ElasticSearch 使用不一樣表結構存儲時間序列數據的查詢效率分析

時間 2019-11-08

標籤 elasticsearch 使用不一樣結構存儲時間序列數據查詢效率分析欄目日誌分析简体版

原文原文鏈接

這裏咱們使用和以前徹底相同的測試數據，來測試 elasticsearch 存儲時間序列的表結構選擇問題。python

一個點一個doc的表結構

一樣咱們以最簡單的表結構開始。在elasticsearch中，先要建立index，而後index下有mapping。所謂的mapping就是表結構的概念。建表的配置以下：web

settings = {    'number_of_shards': 1,    'number_of_replicas': 0,    'index.query.default_field': 'timestamp',    'index.mapping.ignore_malformed': False,    'index.mapping.coerce': False,    'index.query.parse.allow_unmapped_fields': False,
}
mappings = {    'testdata': {        '_source': {'enabled': False},        '_all': {'enabled': False},        'properties': {            'timestamp': {                'type': 'date',                'index': 'no',                'store': False,                'dynamic': 'strict',                'doc_values': True,                'fielddata': {                    'format': 'doc_values'
                }
            },            'vAppid': {                'type': 'string',                'index': 'no',                'store': False,                'dynamic': 'strict',                'doc_values': True,                'fielddata': {                    'format': 'doc_values'
                }
            },            'iResult': {                'type': 'string',                'index': 'no',                'store': False,                'dynamic': 'strict',                'doc_values': True,                'fielddata': {                    'format': 'doc_values'
                }
            },            'vCmdid': {                'type': 'string',                'index': 'no',                'store': False,                'dynamic': 'strict',                'doc_values': True,                'fielddata': {                    'format': 'doc_values'
                }
            },            'dProcessTime': {                'type': 'integer',                'index': 'no',                'store': False,                'dynamic': 'strict',                'doc_values': True,                'fielddata': {                    'format': 'doc_values'
                }
            },            'totalCount': {                'type': 'integer',                'index': 'no',                'store': False,                'dynamic': 'strict',                'doc_values': True,                'fielddata': {                    'format': 'doc_values'
                }
            }
        }
    }
}

表結構雖然沒有作按時間段打包的高級優化，可是一些es相關的設置是特別值得注意的。
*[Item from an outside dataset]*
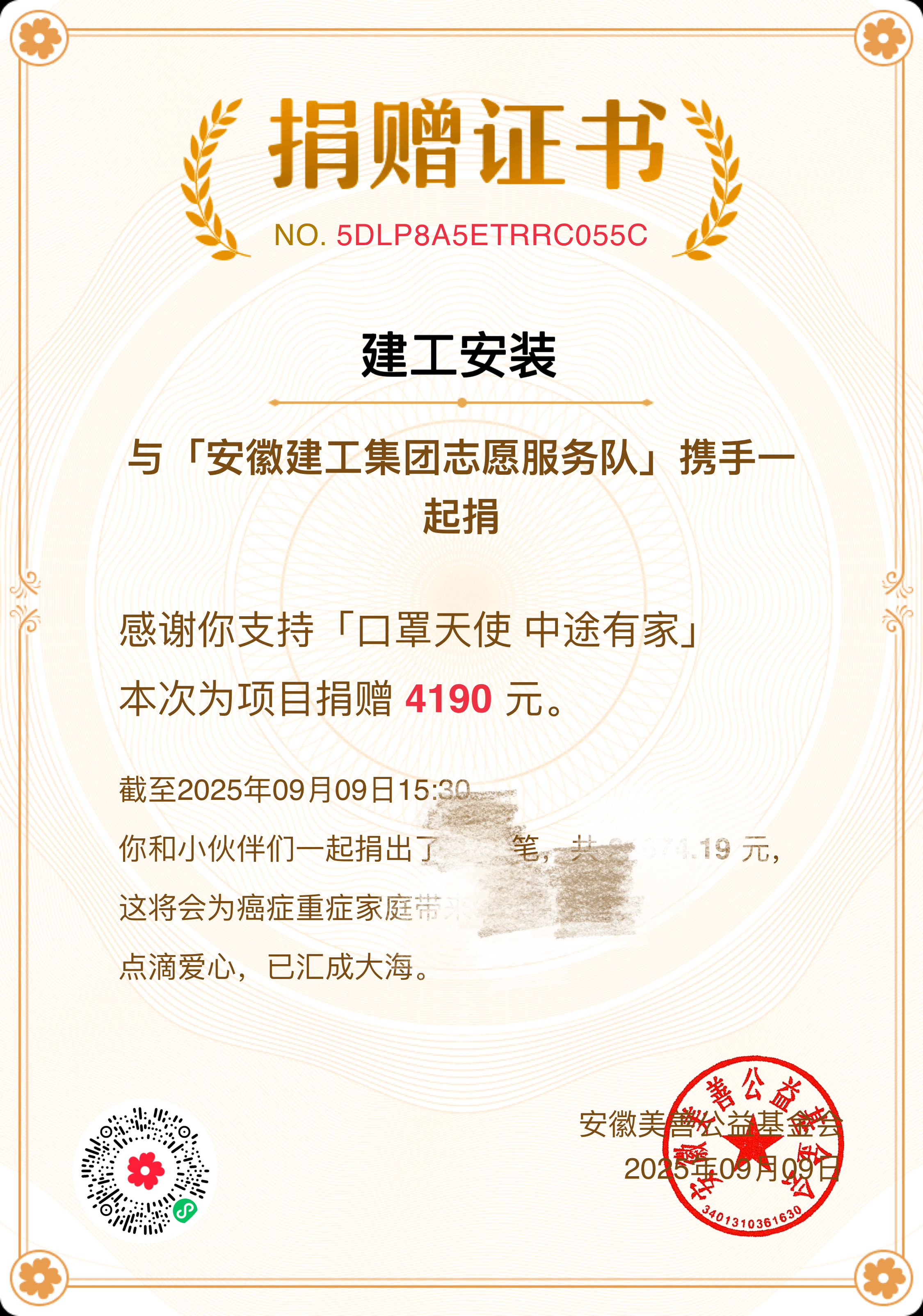 此次活動不僅彰顯了建工安裝社會責任感,更以青春力量踐行了“小善大愛”的公益理念。未來,建工安裝團委將以更多元的形式傳遞青春正能量,讓“小善大愛”的種子在團隊中不斷生根發芽。

首先_source被關閉了，這樣原始的json文檔不會被重複存儲一遍。其次_all也被關閉了。並且每一個字段的store都是False，也就是不會單獨被存儲。以前測試mongodb的時候，全部字段都沒有建索引的，因此爲了公平起見，這裏把索引都關了。這些都關掉了，那麼數據存哪裏了？存在doc_values裏。doc_values用於在作聚合運算的時候，根據一批文檔id快速找到對應的列的值。doc_values在磁盤上一個按列壓縮存儲的文件，很是高效。mongodb

那麼800多萬行數據導入以後，磁盤佔用狀況如何？數據庫

size: 198Mi (198Mi)docs: 8,385,335 (8,385,335)

很是驚人，838萬行在mongodb裏佔了3G的磁盤空間，導入es竟然只佔用了198M。即使把全部維度字段的索引加上膨脹也很是小。json

size: 233Mi (233Mi)docs: 8,385,335 (8,385,335)

那麼查詢效率呢？bash

q = {    'aggs': {        'timestamp': {            'terms': { 
                'field': 'timestamp'
            },            'aggs': {                'totalCount': {'sum': {'field': 'totalCount'}}
            }
        }
    },
}
res = es.search(index="wentao-test1", doc_type='testdata', body=q, search_type='count')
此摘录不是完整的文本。